I had some feelings but didnt test anything, but my feelings tell me the same. as soon as a few pages are updated, google starts crawling and updating my site.
I agree definitely google bot like update contents. I have a site that I update everyday and it never missed being crawled.
Yep google always seems to crawl my site more if i update more regulary -from what i can tell it's reflected in the serps i.e. if i updated one of my pages every few days those changes would appear in googles cache within 2 days of each change - if i don't update for a while and then make a change (say only one change) it can be up to a week before google registers it in its cache.
I have found this to be very true and is why I constantly update both my index and my site map. Every time I had new pages I add them to my site map and they get indexed very quickly.
Google visits our site every day like clock-work. I don't see a significant difference between Google visits or depth of crawls when fresh content is added to our index page.
Doesn't seem to work for me. I have updated my home page and other pages as well. Yet, Google doesn't appear to crawl deep into my site. Furthermore, the home page has not even been cached at all. Any other suggestions besides trying to get more external links to my site?
As soon as I make a change on my blog google always crawles the main page but I guess a deep crawl will take time. I've only just had a site recently; did the crawls always be this fast?
My site has been up for a month. Strange enough, Google only displays the URL of my home page with no title and description. Did Gogglebot half index the page? I saw another thread talking about this...
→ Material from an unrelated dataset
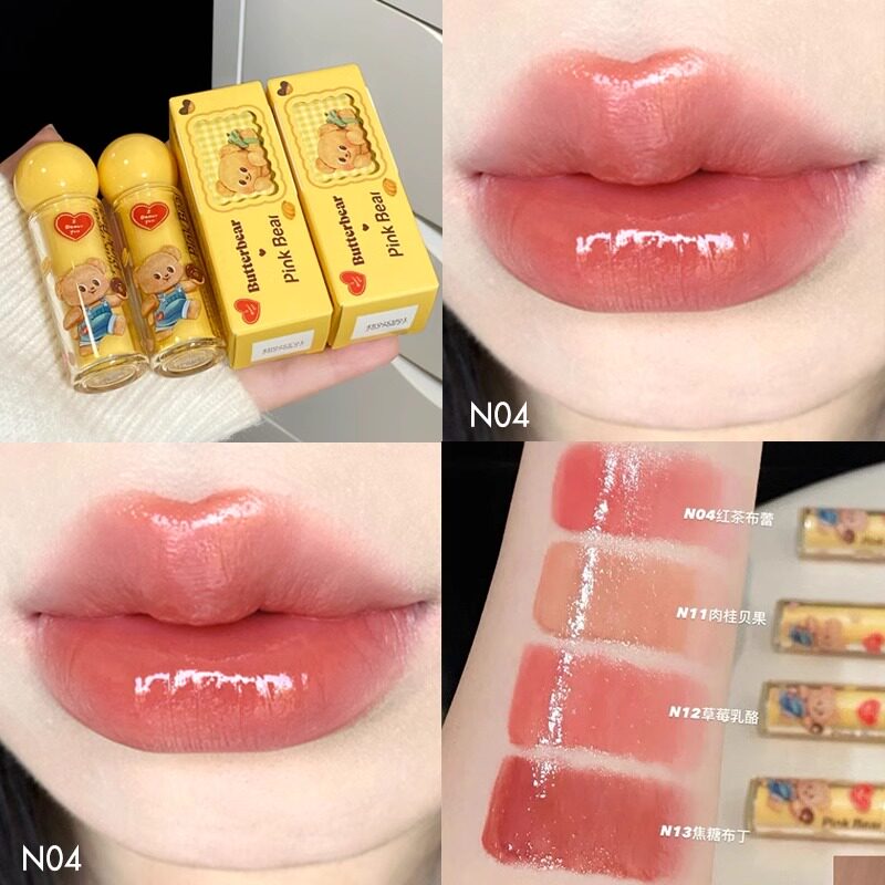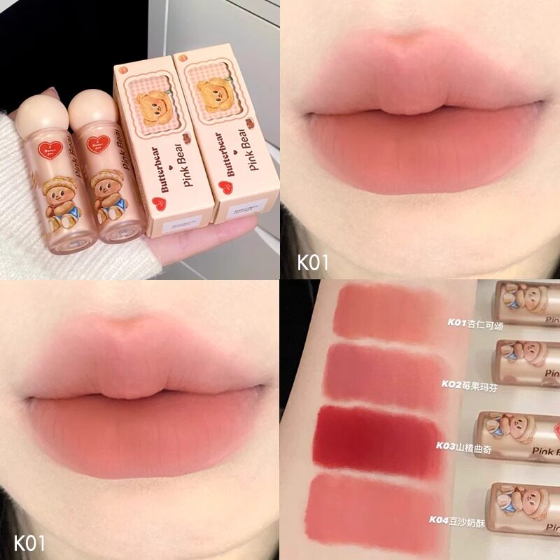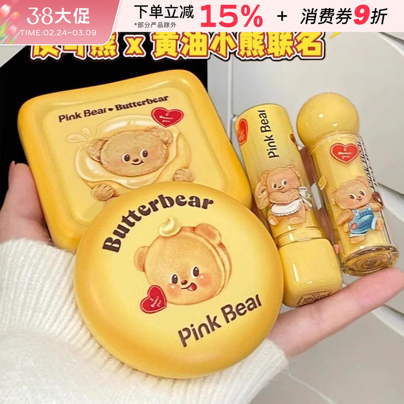 📚 pinkbear皮可熊联名黄油小熊唇蜜口红水光唇釉哑光粉饼眼影盘女

If you have stats to your blog; you'll note that almost as soon as you make a change to the blog; technorati and weblogs spiders your site. Then; google spiders those sites, because the content is constantly updated and then spiders yours. That's how google "knows".
I had this problem with a new site that I quickly developed some backlinks to. I don't think it was the Sanbox effect, seemed like something more weird. See if your site is cached. If it isn't, you may want to contact Google. That is what I did and they resolved whatever the issue was.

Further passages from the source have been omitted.